*** Materials provided ***

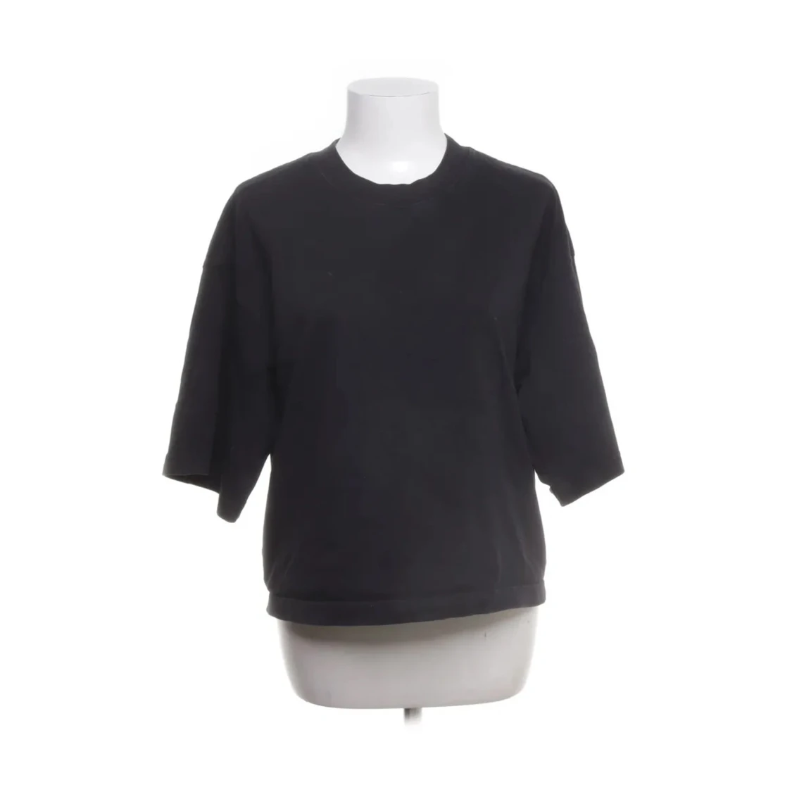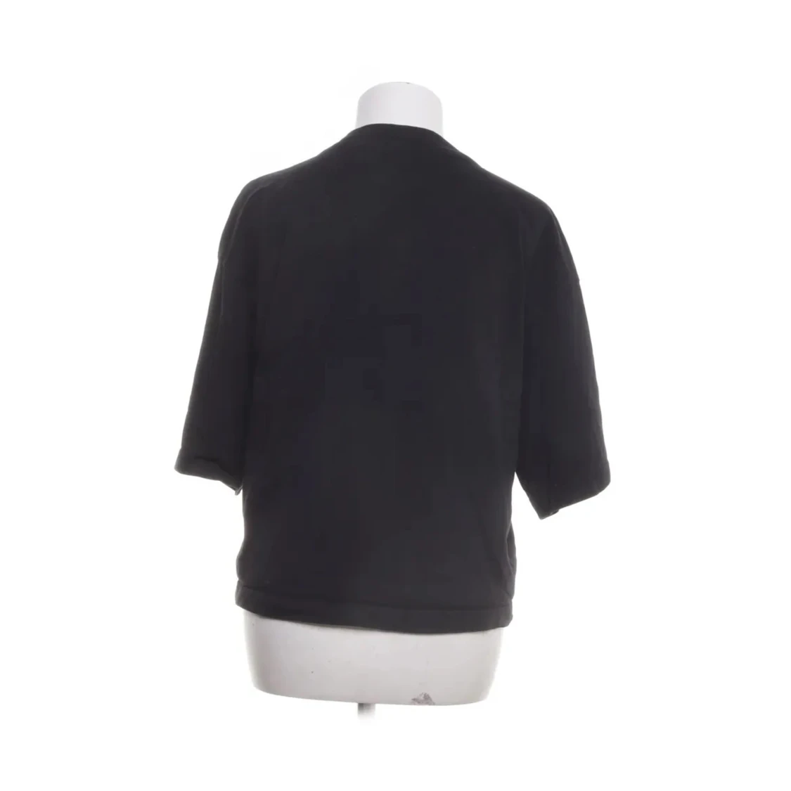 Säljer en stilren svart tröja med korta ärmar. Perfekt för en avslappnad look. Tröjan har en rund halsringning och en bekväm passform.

*** End of Materials provided ***
*** Materials provided ***

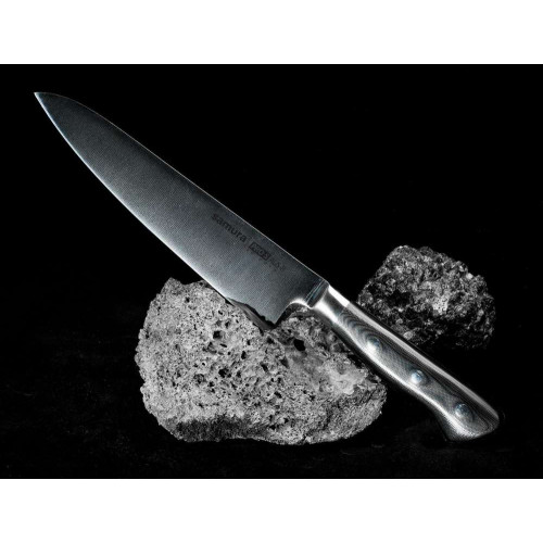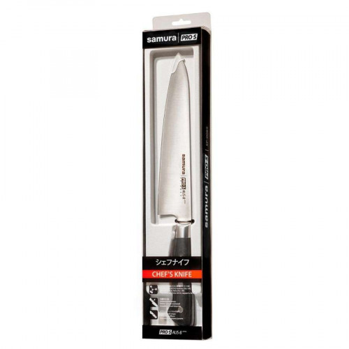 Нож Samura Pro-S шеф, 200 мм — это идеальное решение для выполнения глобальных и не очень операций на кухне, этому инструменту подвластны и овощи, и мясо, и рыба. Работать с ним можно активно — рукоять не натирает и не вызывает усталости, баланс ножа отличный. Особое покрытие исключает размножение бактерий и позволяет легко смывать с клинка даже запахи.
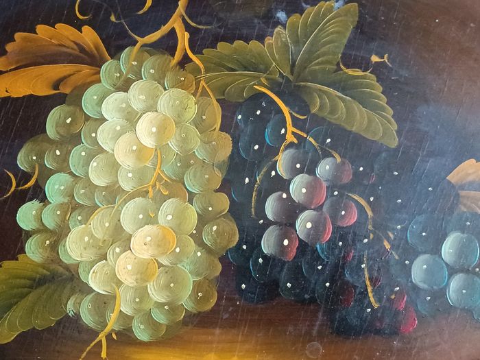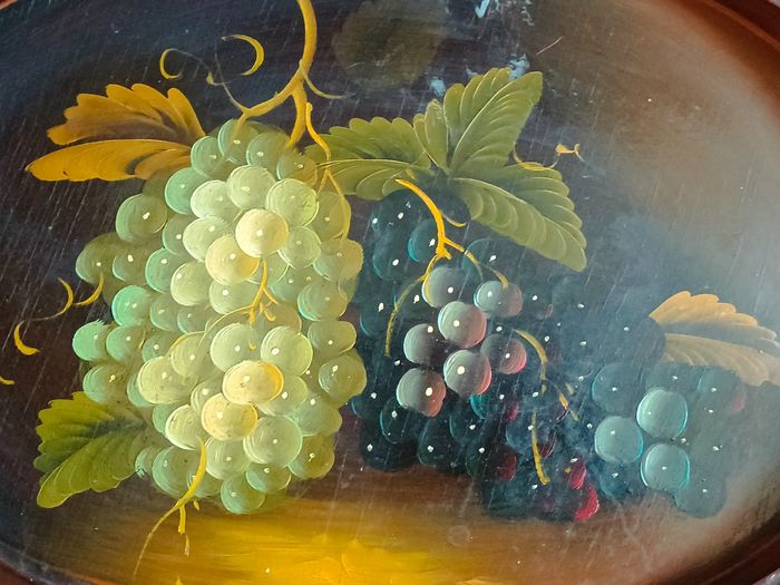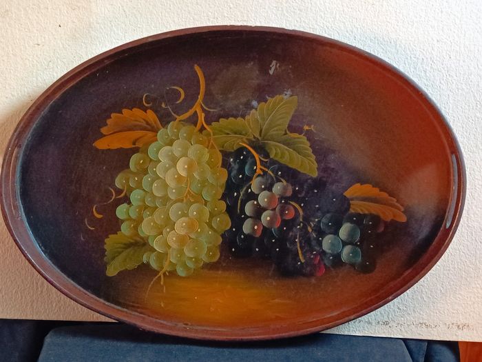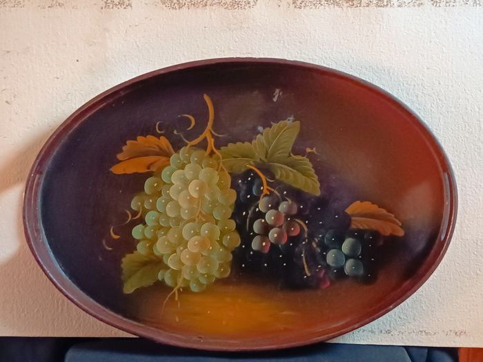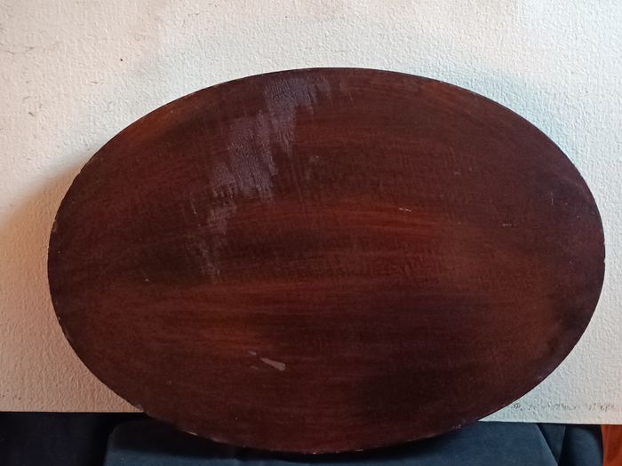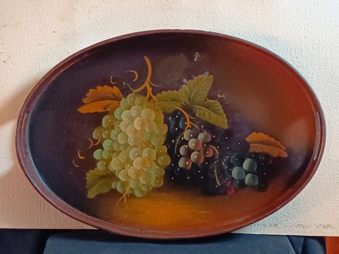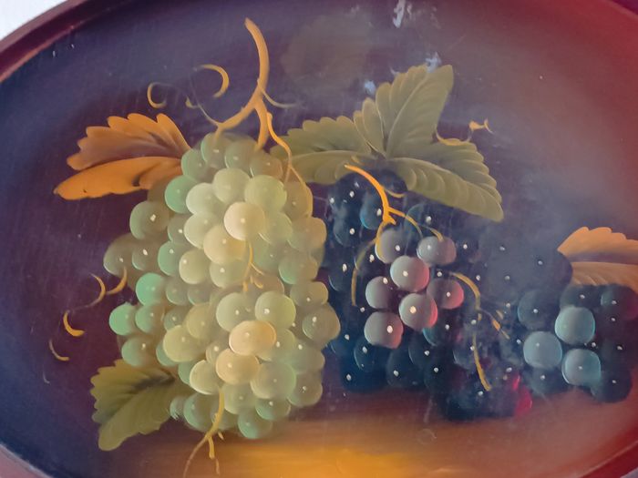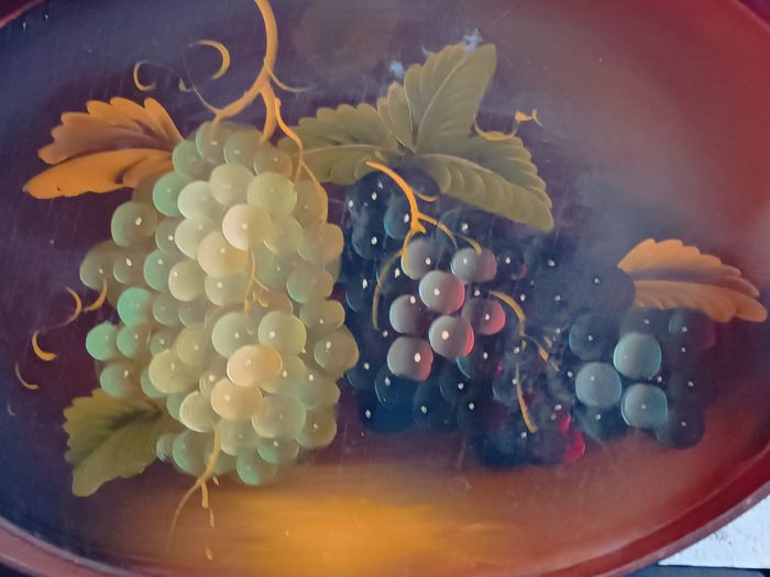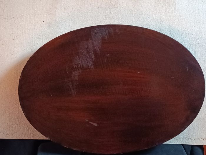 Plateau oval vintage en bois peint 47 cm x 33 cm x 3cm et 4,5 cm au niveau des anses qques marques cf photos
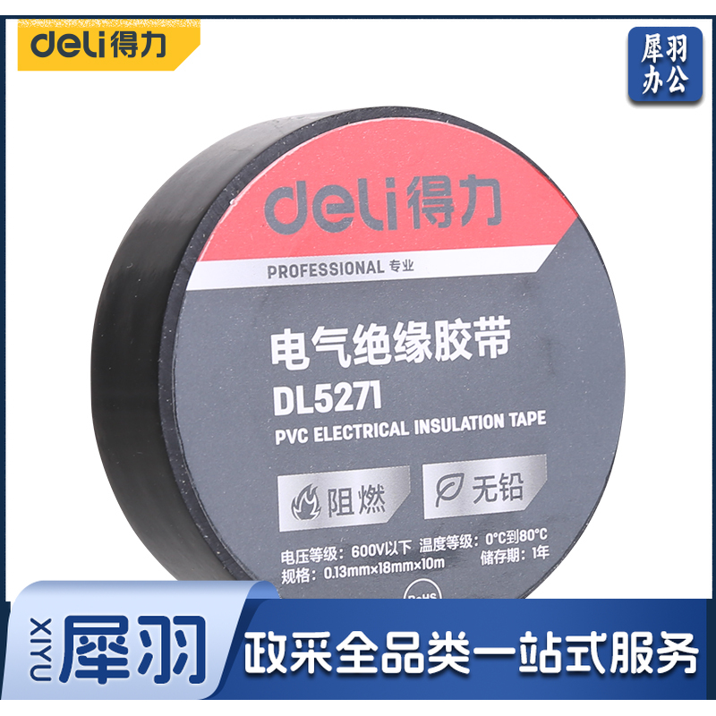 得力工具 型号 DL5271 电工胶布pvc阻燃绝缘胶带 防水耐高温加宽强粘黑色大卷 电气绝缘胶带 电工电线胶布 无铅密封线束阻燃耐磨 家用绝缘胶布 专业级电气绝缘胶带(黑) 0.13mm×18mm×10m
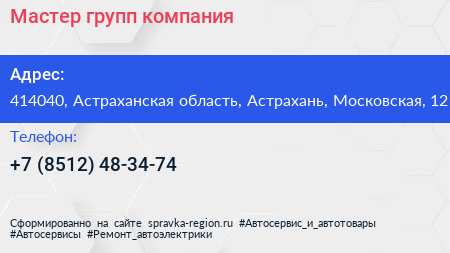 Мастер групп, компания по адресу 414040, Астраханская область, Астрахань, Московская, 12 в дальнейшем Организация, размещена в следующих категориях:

*** End of Materials provided ***
*** Materials provided ***

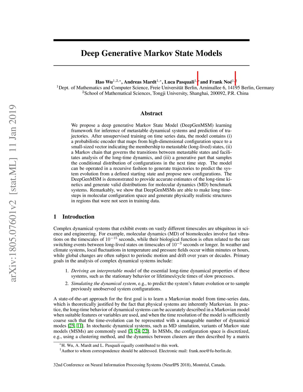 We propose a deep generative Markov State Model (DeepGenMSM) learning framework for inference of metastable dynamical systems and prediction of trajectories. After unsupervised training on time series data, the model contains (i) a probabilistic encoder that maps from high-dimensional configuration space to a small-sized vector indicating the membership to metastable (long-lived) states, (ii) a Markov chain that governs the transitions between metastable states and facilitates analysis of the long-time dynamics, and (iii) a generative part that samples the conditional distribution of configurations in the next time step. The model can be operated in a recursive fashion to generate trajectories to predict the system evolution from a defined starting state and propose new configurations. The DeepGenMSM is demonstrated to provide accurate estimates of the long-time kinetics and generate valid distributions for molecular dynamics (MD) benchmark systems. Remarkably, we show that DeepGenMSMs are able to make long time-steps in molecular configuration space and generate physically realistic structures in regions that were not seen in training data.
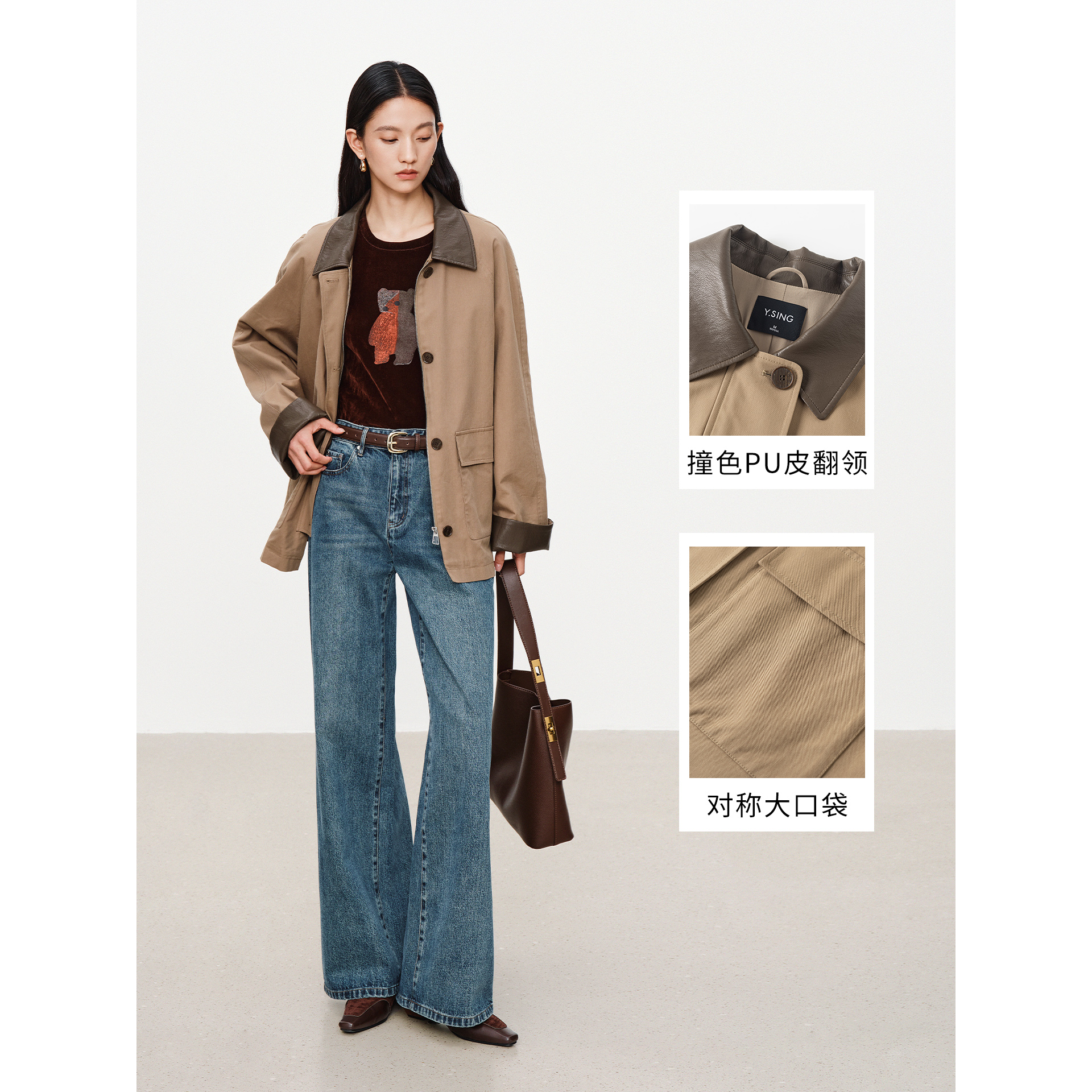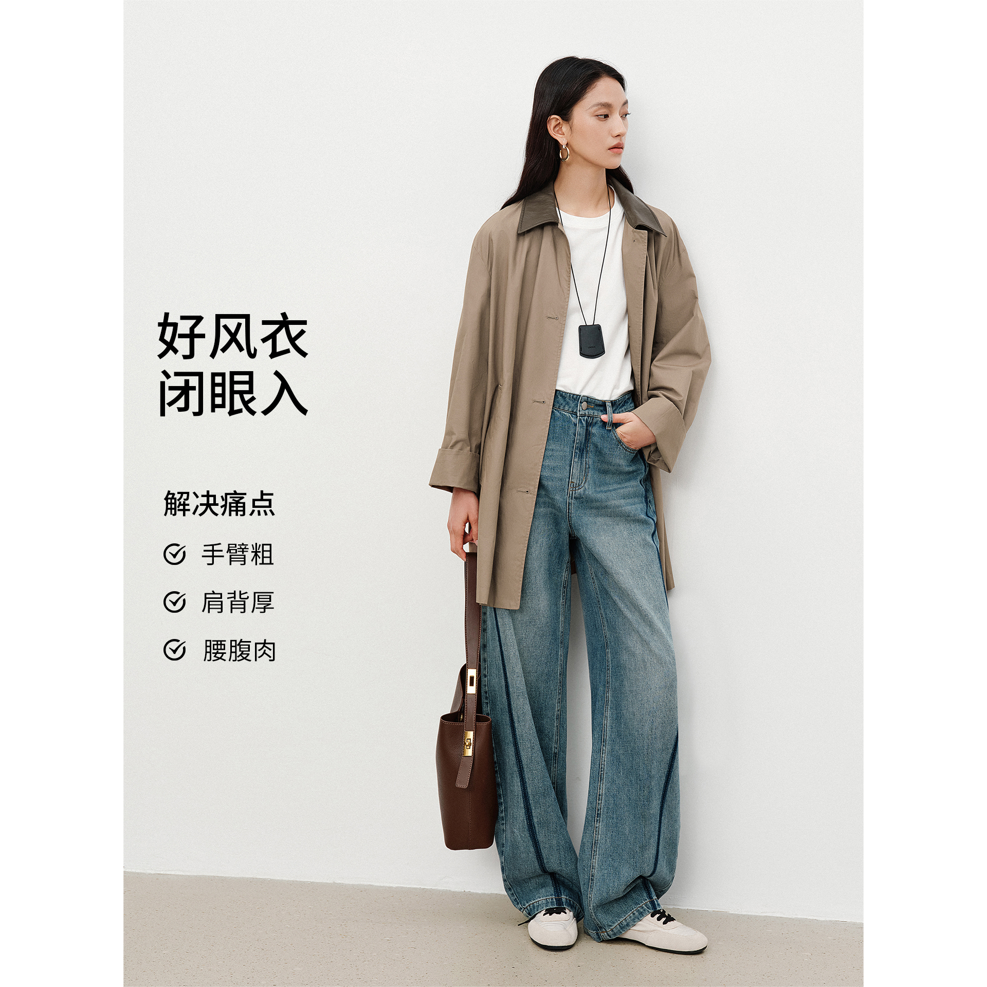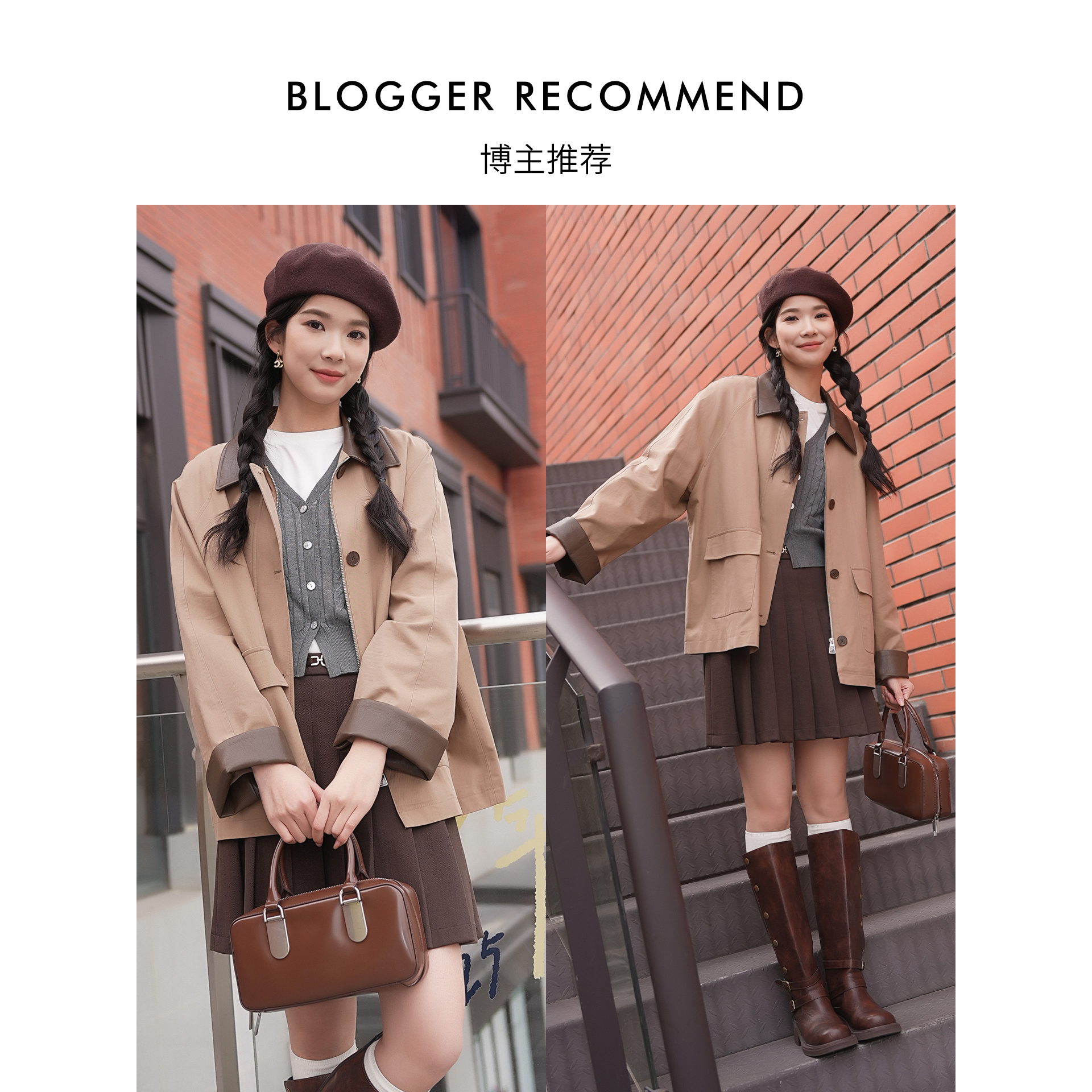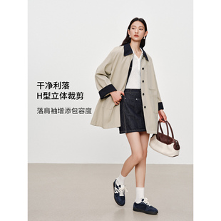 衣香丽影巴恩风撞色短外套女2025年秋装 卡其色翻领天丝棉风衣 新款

*** End of Materials provided ***

Prompt. Repeat, without pictures, exactly the lines of the data above from the one containing "We propose a" through the one containing "衣香丽影巴恩风撞色短外套女2025年秋装 卡其色翻领天丝棉风衣 新款", including both and adding nothing.

Written response.
 We propose a deep generative Markov State Model (DeepGenMSM) learning framework for inference of metastable dynamical systems and prediction of trajectories. After unsupervised training on time series data, the model contains (i) a probabilistic encoder that maps from high-dimensional configuration space to a small-sized vector indicating the membership to metastable (long-lived) states, (ii) a Markov chain that governs the transitions between metastable states and facilitates analysis of the long-time dynamics, and (iii) a generative part that samples the conditional distribution of configurations in the next time step. The model can be operated in a recursive fashion to generate trajectories to predict the system evolution from a defined starting state and propose new configurations. The DeepGenMSM is demonstrated to provide accurate estimates of the long-time kinetics and generate valid distributions for molecular dynamics (MD) benchmark systems. Remarkably, we show that DeepGenMSMs are able to make long time-steps in molecular configuration space and generate physically realistic structures in regions that were not seen in training data.
 衣香丽影巴恩风撞色短外套女2025年秋装 卡其色翻领天丝棉风衣 新款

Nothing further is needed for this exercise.